Well a lesson to be learned here never go on hearsay.
Thanks for the info

pete woodall said:
Hi John

Suricates or meerkats are long and thin, in the mongoose family, carnivore order, with long thin tails.

"and the other looks like the Squirral type suricate with the big bushy tail???????"

This is certainly a Ground Squirrel, in the sqirrel family, rodent order, not a suricate. There are two species in Namibia which have only been split fairly recently on cytogenetic and morphological studies.

The Cape Ground Squirrel Xerus inauris is widespread in Namibia, apart from a band near the coast, they dig burrows in the open, flat country with a hard substrate.

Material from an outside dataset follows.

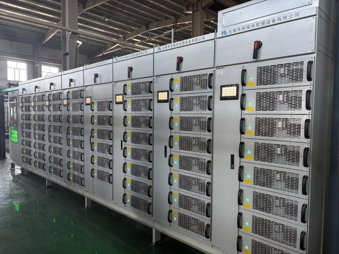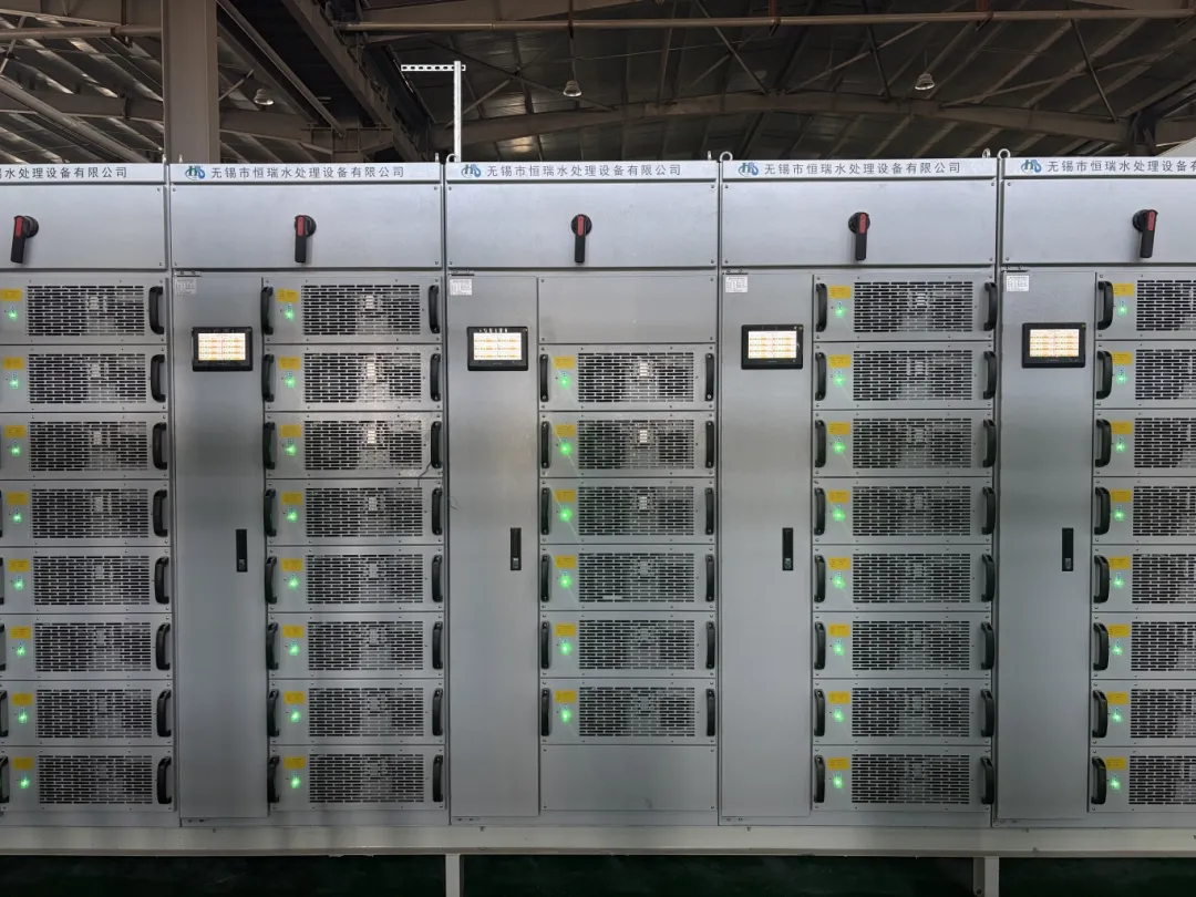 高频开关电源,产品外形美观 , 结构合理 , 采用多模块并联方式组成。全密封、全水冷、模块化、组合式、可增加 N+X 冗余备用系统。各模块的控制采用先进的 RS485 网络控制系统,控制精度高,由于是数字控制,控制信号无衰减,远程控制最快可1.2kM, 方便生产管理和介入 DCS 系统。各模块完全一样,更换模块时,只需将地址码拔成和需要更换的模块一样即可,可在不停机的情况下进行维护,不影响正常生产。采用新型整流模式及整流器件,节能省电。单元机内无水管接头漏水概率几乎为零。无需无功补偿柜 , 功率因素≥0.98,额定效率≥94%, 模块之间的均流控制精度≤1%。具有稳压、稳流控制模式。有软启动、过压、过流、缺相、过热等保护措施。内部线路板采用防酸防雾三防胶,避免电子元器件受环境腐蚀,产品持久耐用。

The Mountain Ground Squirrel Xerus princeps, found mainly in the mountains of the western escarpment of Namibia, difficult to distinguish in the field from Cape GS, but have a longer and bushier tail, (three black bands vs two on the long tail hairs), yellow to orange incisor teeth (vs. white), and live in the rocks and hills.

This info comes from "The Mammals of the Southern African subregion" 1990. I have worked with both authors, John Skinner and Reay Smithers (deceased), several times in the past, and Reay was the Director when I worked for the Rhodesian museums, many moons ago.



Well-known member
I havent read all of it yet but that is not fair i really do want to go to Namibia and when i've finished school my mum and dad said they may take me. Where abouts in Namibia did you go to? I would like to go to Etosha.